**Provided data:**
---+---
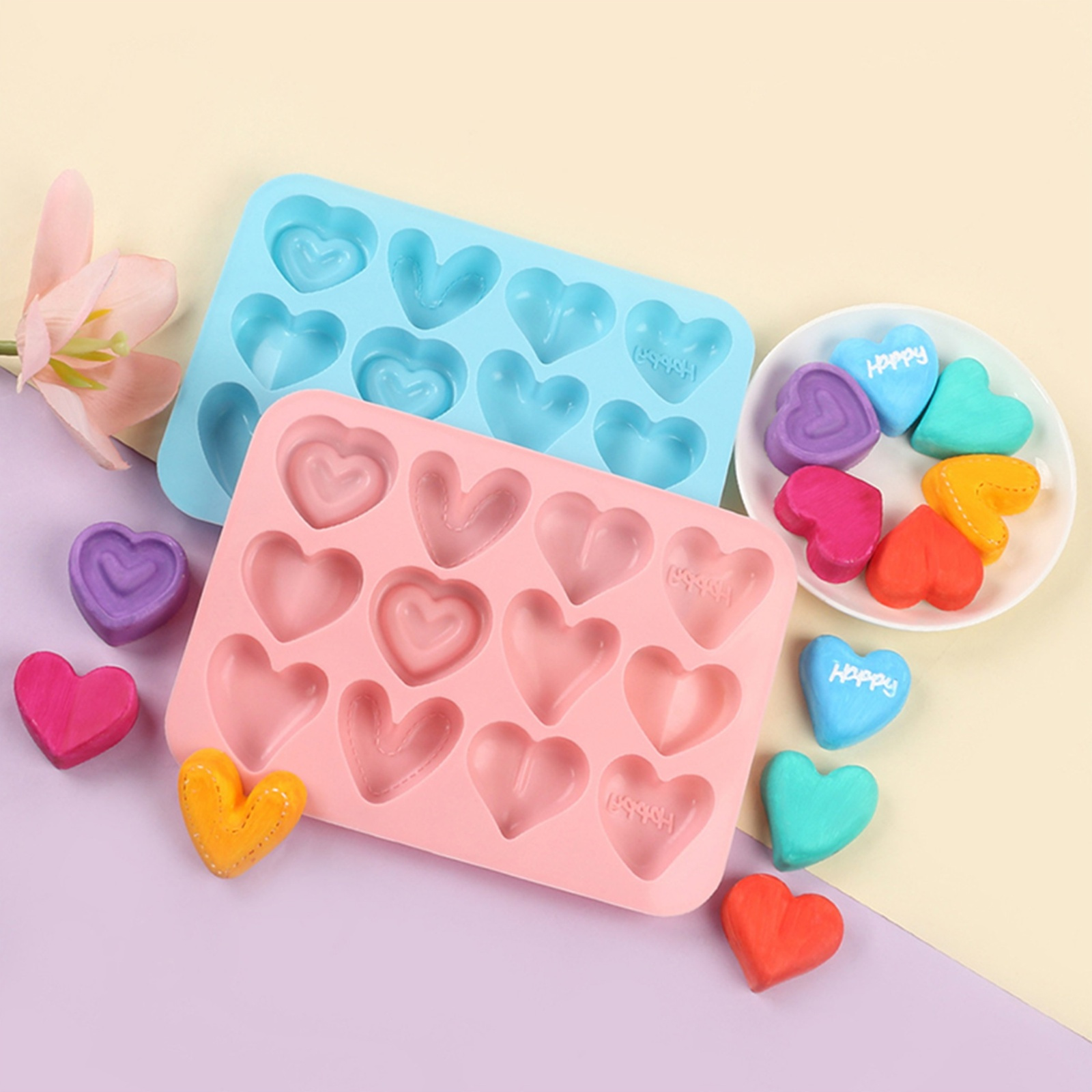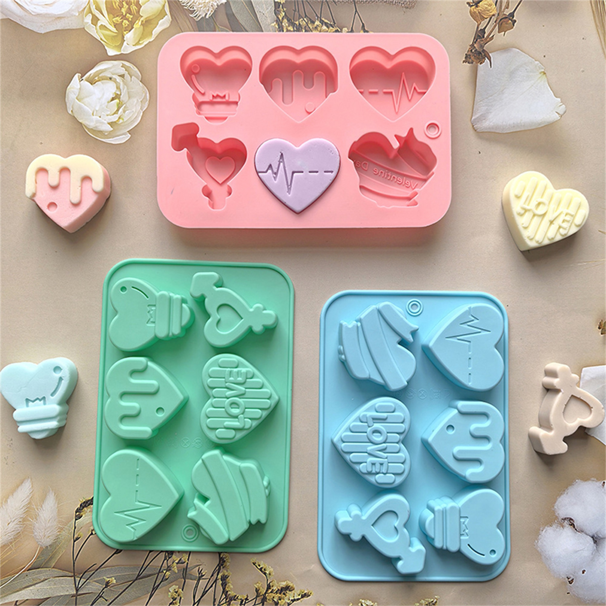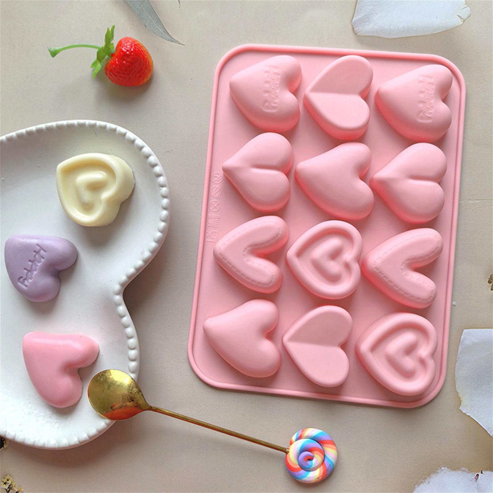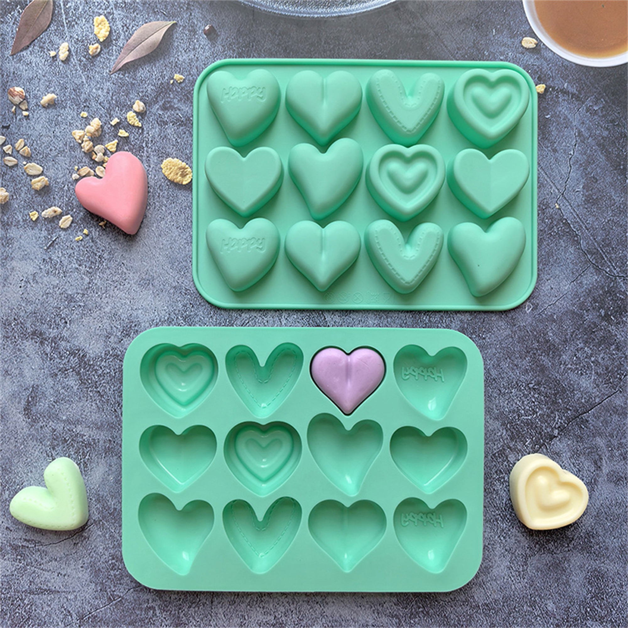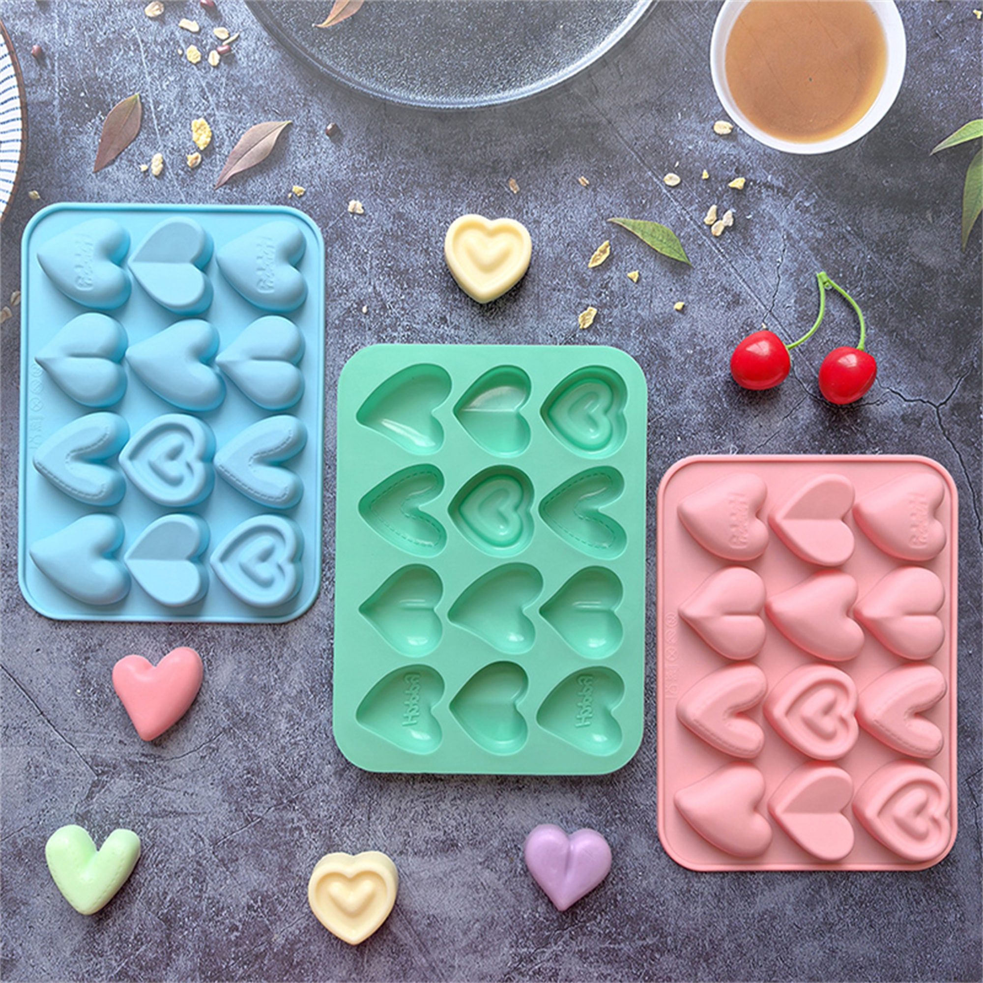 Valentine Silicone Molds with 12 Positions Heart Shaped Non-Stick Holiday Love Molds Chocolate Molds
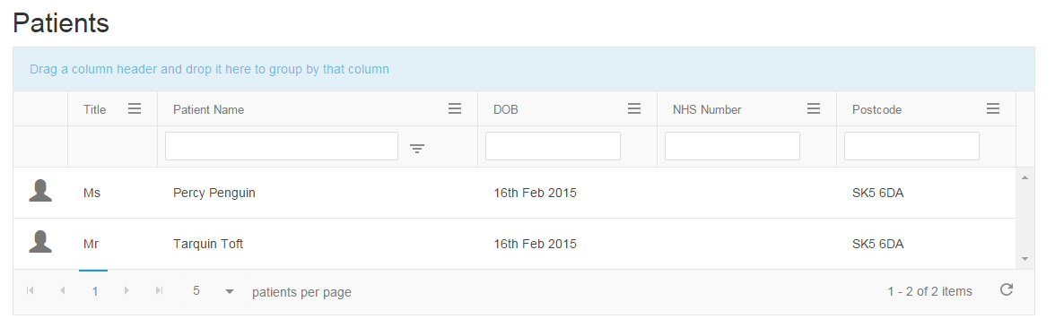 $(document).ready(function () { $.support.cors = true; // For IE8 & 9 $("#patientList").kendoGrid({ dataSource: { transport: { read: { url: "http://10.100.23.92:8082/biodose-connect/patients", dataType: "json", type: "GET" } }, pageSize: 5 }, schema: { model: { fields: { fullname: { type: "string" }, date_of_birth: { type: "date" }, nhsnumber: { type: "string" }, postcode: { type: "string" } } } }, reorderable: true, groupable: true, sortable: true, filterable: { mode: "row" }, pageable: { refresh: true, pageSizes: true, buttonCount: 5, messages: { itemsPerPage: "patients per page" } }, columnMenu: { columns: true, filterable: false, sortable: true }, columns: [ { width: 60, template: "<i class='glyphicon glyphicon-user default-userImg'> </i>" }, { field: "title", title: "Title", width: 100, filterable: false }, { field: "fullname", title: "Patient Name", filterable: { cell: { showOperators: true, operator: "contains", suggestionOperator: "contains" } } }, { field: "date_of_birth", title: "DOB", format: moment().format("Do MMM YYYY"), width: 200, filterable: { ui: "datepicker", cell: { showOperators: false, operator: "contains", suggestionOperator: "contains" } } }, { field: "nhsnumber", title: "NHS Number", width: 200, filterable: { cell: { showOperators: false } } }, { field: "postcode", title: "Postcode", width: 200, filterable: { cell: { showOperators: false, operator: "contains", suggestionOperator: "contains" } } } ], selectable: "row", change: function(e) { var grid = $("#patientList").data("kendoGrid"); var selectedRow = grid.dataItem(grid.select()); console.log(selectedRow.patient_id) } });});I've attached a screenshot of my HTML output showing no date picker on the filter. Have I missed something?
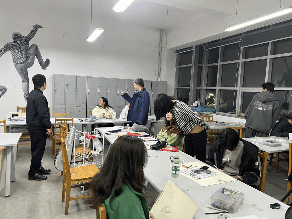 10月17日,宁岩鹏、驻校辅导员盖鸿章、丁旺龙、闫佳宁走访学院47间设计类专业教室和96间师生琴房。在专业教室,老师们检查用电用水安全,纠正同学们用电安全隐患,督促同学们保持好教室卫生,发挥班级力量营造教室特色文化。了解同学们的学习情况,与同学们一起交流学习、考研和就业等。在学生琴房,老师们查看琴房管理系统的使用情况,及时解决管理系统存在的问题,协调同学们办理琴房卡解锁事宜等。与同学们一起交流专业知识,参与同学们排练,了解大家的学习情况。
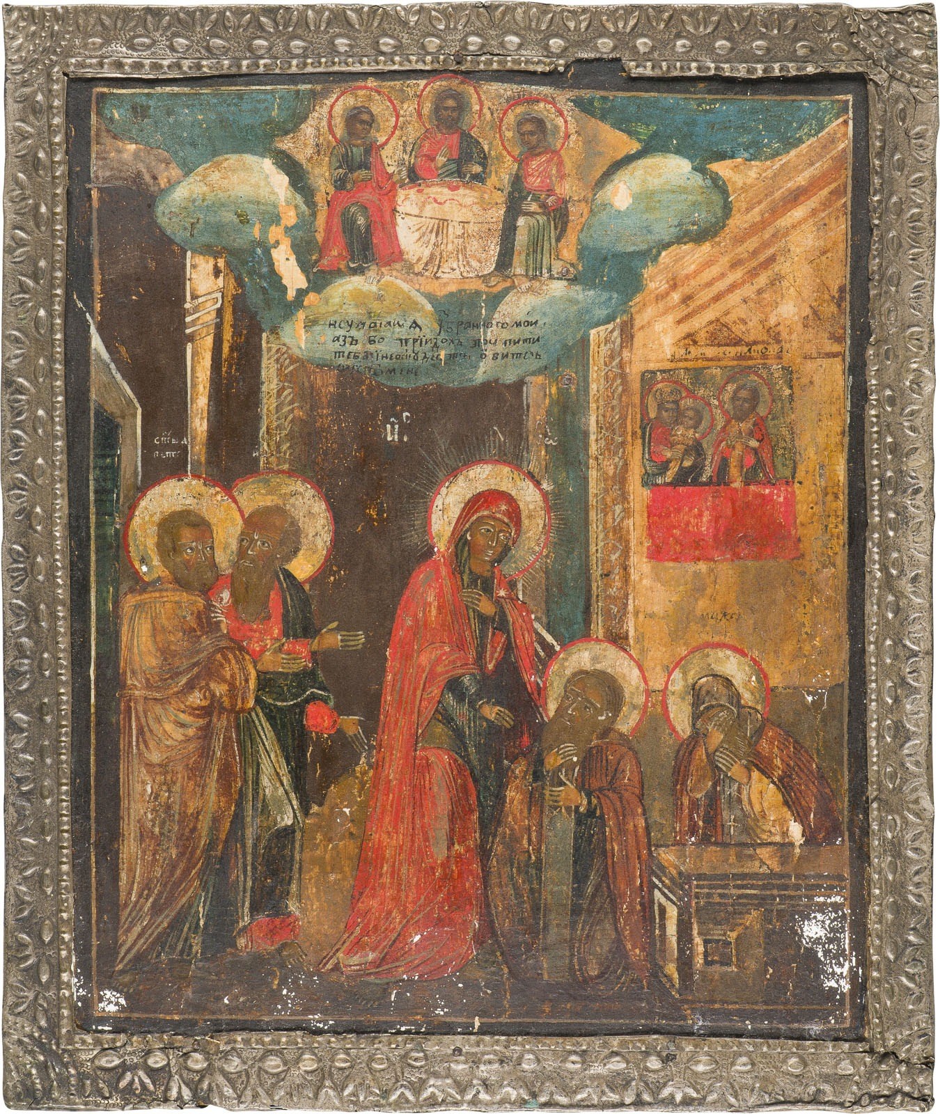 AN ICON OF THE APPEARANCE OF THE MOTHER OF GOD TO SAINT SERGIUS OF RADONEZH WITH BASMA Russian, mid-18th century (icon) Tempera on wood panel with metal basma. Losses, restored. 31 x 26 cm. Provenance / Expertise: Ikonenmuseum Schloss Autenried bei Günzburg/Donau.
---+---
**Task brief:**
Exact repetition of the material above is required, with the images removed.

**Answer to this exercise:**
 Valentine Silicone Molds with 12 Positions Heart Shaped Non-Stick Holiday Love Molds Chocolate Molds
 $(document).ready(function () { $.support.cors = true; // For IE8 & 9 $("#patientList").kendoGrid({ dataSource: { transport: { read: { url: "http://10.100.23.92:8082/biodose-connect/patients", dataType: "json", type: "GET" } }, pageSize: 5 }, schema: { model: { fields: { fullname: { type: "string" }, date_of_birth: { type: "date" }, nhsnumber: { type: "string" }, postcode: { type: "string" } } } }, reorderable: true, groupable: true, sortable: true, filterable: { mode: "row" }, pageable: { refresh: true, pageSizes: true, buttonCount: 5, messages: { itemsPerPage: "patients per page" } }, columnMenu: { columns: true, filterable: false, sortable: true }, columns: [ { width: 60, template: "<i class='glyphicon glyphicon-user default-userImg'> </i>" }, { field: "title", title: "Title", width: 100, filterable: false }, { field: "fullname", title: "Patient Name", filterable: { cell: { showOperators: true, operator: "contains", suggestionOperator: "contains" } } }, { field: "date_of_birth", title: "DOB", format: moment().format("Do MMM YYYY"), width: 200, filterable: { ui: "datepicker", cell: { showOperators: false, operator: "contains", suggestionOperator: "contains" } } }, { field: "nhsnumber", title: "NHS Number", width: 200, filterable: { cell: { showOperators: false } } }, { field: "postcode", title: "Postcode", width: 200, filterable: { cell: { showOperators: false, operator: "contains", suggestionOperator: "contains" } } } ], selectable: "row", change: function(e) { var grid = $("#patientList").data("kendoGrid"); var selectedRow = grid.dataItem(grid.select()); console.log(selectedRow.patient_id) } });});I've attached a screenshot of my HTML output showing no date picker on the filter. Have I missed something?
 10月17日,宁岩鹏、驻校辅导员盖鸿章、丁旺龙、闫佳宁走访学院47间设计类专业教室和96间师生琴房。在专业教室,老师们检查用电用水安全,纠正同学们用电安全隐患,督促同学们保持好教室卫生,发挥班级力量营造教室特色文化。了解同学们的学习情况,与同学们一起交流学习、考研和就业等。在学生琴房,老师们查看琴房管理系统的使用情况,及时解决管理系统存在的问题,协调同学们办理琴房卡解锁事宜等。与同学们一起交流专业知识,参与同学们排练,了解大家的学习情况。
 AN ICON OF THE APPEARANCE OF THE MOTHER OF GOD TO SAINT SERGIUS OF RADONEZH WITH BASMA Russian, mid-18th century (icon) Tempera on wood panel with metal basma. Losses, restored. 31 x 26 cm. Provenance / Expertise: Ikonenmuseum Schloss Autenried bei Günzburg/Donau.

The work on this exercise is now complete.